The terms "cold publisher" and "hot publisher" are usually "cold observable" and "hot observable" in other Rx frameworks. I've changed the terminology to match Combine's terms but the ideas are equivalent.

In a “cold publisher” graph, you don’t need to cache values because a value exists only at the moment it is requested by a subscriber and immediately handed over. A subscriber cannot re-request old values and any request for values made by a new subscriber is really a request to calculate the values again. Caching values emitted from a “cold publisher” graph doesn’t make sense.
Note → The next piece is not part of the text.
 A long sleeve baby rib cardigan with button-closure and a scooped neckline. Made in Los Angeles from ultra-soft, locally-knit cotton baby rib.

However, this model isn’t practical outside of strict functional programming languages. Aside from the fact that we don’t want to waste time calculating the same values, there is also the problem of network data, the filesystem, host time, user interactions and other side effects that may start before our program is ready and run independent of any Combine graph we may have created and will never play nicely with a “cold publisher” model.
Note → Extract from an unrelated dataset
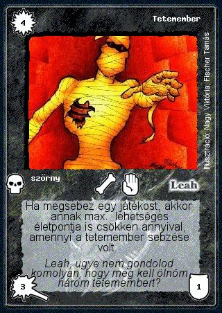 Kiadás: Alappakli, 1. kiadás, Alappakli, 2. kiadás, Alappakli, 3. kiadás, Alappakli, 4. kiadás Gyakoriság: nem gyakori Lapszín (isten): Leah Típus: szörny Szöveg: Ha megsebez egy játékost, akkor annak max. lehetséges életpontja is csökken annyival, amennyi a tetemember sebzése volt. Szinesítő szöveg: Leah, ugye nem gondolod komolyan, hogy meg kell ölnöm három tetemembert? Illusztráció: Nagy Viktória, Fischer Tamás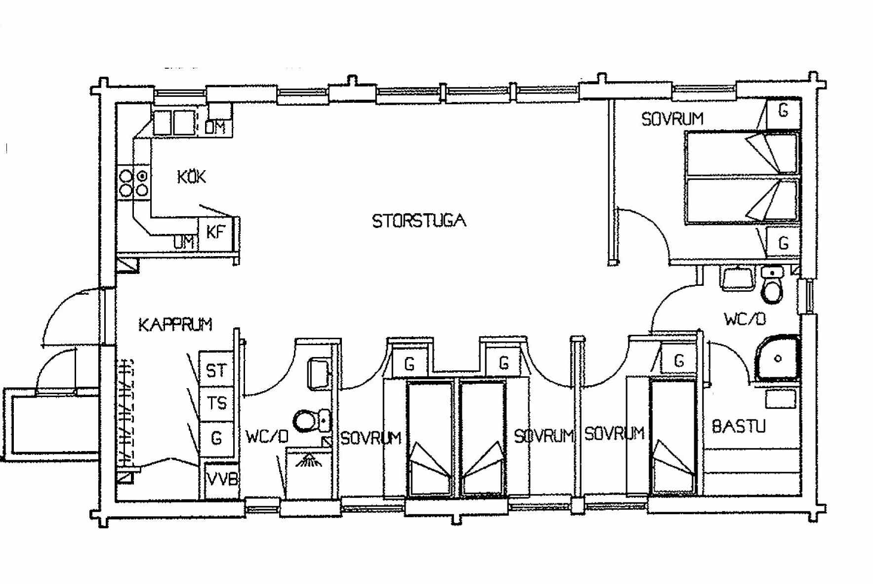 Slaapkamers:Slaapkamer-1 = 1 tweepersoonsbed. Slaapkamer-2 = 1 stapelbed met 120 cm breed onderbed. Slaapkamer-3 = 1 stapelbed met 120 cm breed onderbed. Slaapkamer-4 = 1 stapelbed met 120 cm breed onderbed.

In imperative programming, we need “hot publishers”.

A hot publisher may produce values at any time and at any rate, regardless of the demand from downstream subscribers. The graph may continue to change in structure during the sequence. Publishers must encode rules about what to do with values that exceed downstream demand or how to handle new subscribers joining an existing value sequence.

In almost all cases, a “hot publisher” in Combine will use a Subject (either externally or internally). Subjects play an important role in “hot” graphs because a Subject is a publisher with a single shared identity (most publishers create a new independent identity for each downstream subscription).
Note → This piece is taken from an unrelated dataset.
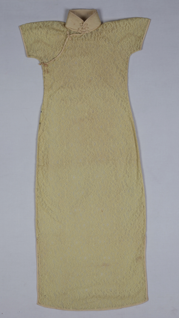 描述:该旗袍,中高立领,无袖,右衽,一字扣。下摆左右两边开衩。面料为黄色漏空纱,无衬。

The essential part of working with a graph that contains “hot publishers” is that you must be able to handle new subscribers joining in the middle of a sequence.

In the previous article, I discussed the idea that there were 5 different kinds of approach to handling multiple subscribers:

multicast
caching
latest value
custom caching
resubscribe

but I looked only at resubscribe because this is the “cold publisher” favored option in Combine.

In my testOverlappingABCD example showing “resubscribe” behavior, I used Deferred to simulate a “cold publisher” while still offering the ability to manually send values into each subscription. Let’s change this example to remove the independent PassthroughSubjects created inside a Deferred closure and instead use a single, shared PassthroughSubject (without Deferred).

func testSharedSubjectABCD() {
   let subjectA = PassthroughSubject<Int, Never>()
   let scanB = subjectA.scan(10) { state, next in state + next }

   var receivedC = [Subscribers.Event<Int, Never>]()
   let sinkC = scanB.sink(event: { e in receivedC.append(e) })
   subjectA.send(sequence: 1...2, completion: nil)
   
   var receivedD = [Subscribers.Event<Int, Never>]()
   let sinkD = scanB.sink(event: { e in receivedD.append(e) })
   subjectA.send(sequence: 3...4, completion: .finished)
   
   XCTAssertEqual(receivedC, [11, 13, 16, 20].asEvents(completion: .finished))
   XCTAssertEqual(receivedD, [13, 17].asEvents(completion: .finished))
   
   sinkC.cancel()
   sinkD.cancel()
}

This no longer behaves like “resubscribe”. Now, D receives only 2 values – related to the two values sent after it connected.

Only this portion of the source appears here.